I am learning graph algorithms and I am confused why my code 326424345 failed in test 18 for the problem https://mirror.codeforces.com/problemset/problem/977/E?
I know that the problem can be solved simply by counting the degrees of all the nodes in a connected component. Count the component when the degree of each node is 2.
However, I wanted to know what is wrong with the logic: for each connected component, we find the size of the smallest cycle, if this size equals the number of nodes in the component, count the component. (The size of the cycle initially is number of nodes + 1, so that we don't count components without cycles.
Please help me in understanding the problem, I will be very grateful to you.
Auto comment: topic has been updated by TheMathEnthusiast (previous revision, new revision, compare).

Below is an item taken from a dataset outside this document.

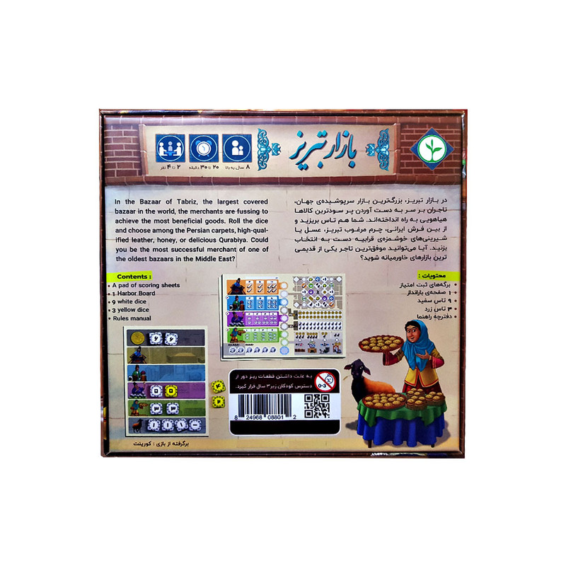 در بازی فکری بازار تبریز شما تاجری هستید که چند نوبت به بار انداز تبریز سر میزنید و هر بار با توجه به آنچه عرضه میشود تصمیم میگیرید کدام کالا را بردارید و در حجره های بازار به فروش بگذارید . هر کالایی امتیاز خاص خودش را دارد و در پایان بازی کسی که بیشترین امتیاز رو داشته باشه لقب تاجر بازار بزرگ تبریز را کسب می کند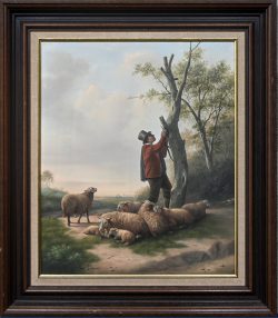 ‘Schapen met lammeren’, olieverf op paneel. Reproductie naar de 19e eeuw, niet getekend.

Logically you are correct. Problem is in the implementation. You are using the concept of in-time (in dfs) to calculate the length of the smallest cycle, which is wrong. For example for the testcase:n=5,m=5,edges[5]={{1,2},{2,3},{3,5},{3,4},{4,1}}. Your code will first visit 5 from 3 and then it will visit 4, leading to incorrect cycle length calculation.
Yes got it thanks!
i think this logic fails when theres a component like lets say edges are {1 2} {1 3} {2 3} {2 4} {3 4}
smallest cycle size is 3 but there's a larger cycle which connects all nodes in one cycle.. try largest cycle imo that should work ..correct me if im wrong
ahh looked at the problem again the cycles dont contain an inner edge...yeah this would work..but i'd be curious if that wasnt the case..will the longest cycle size work?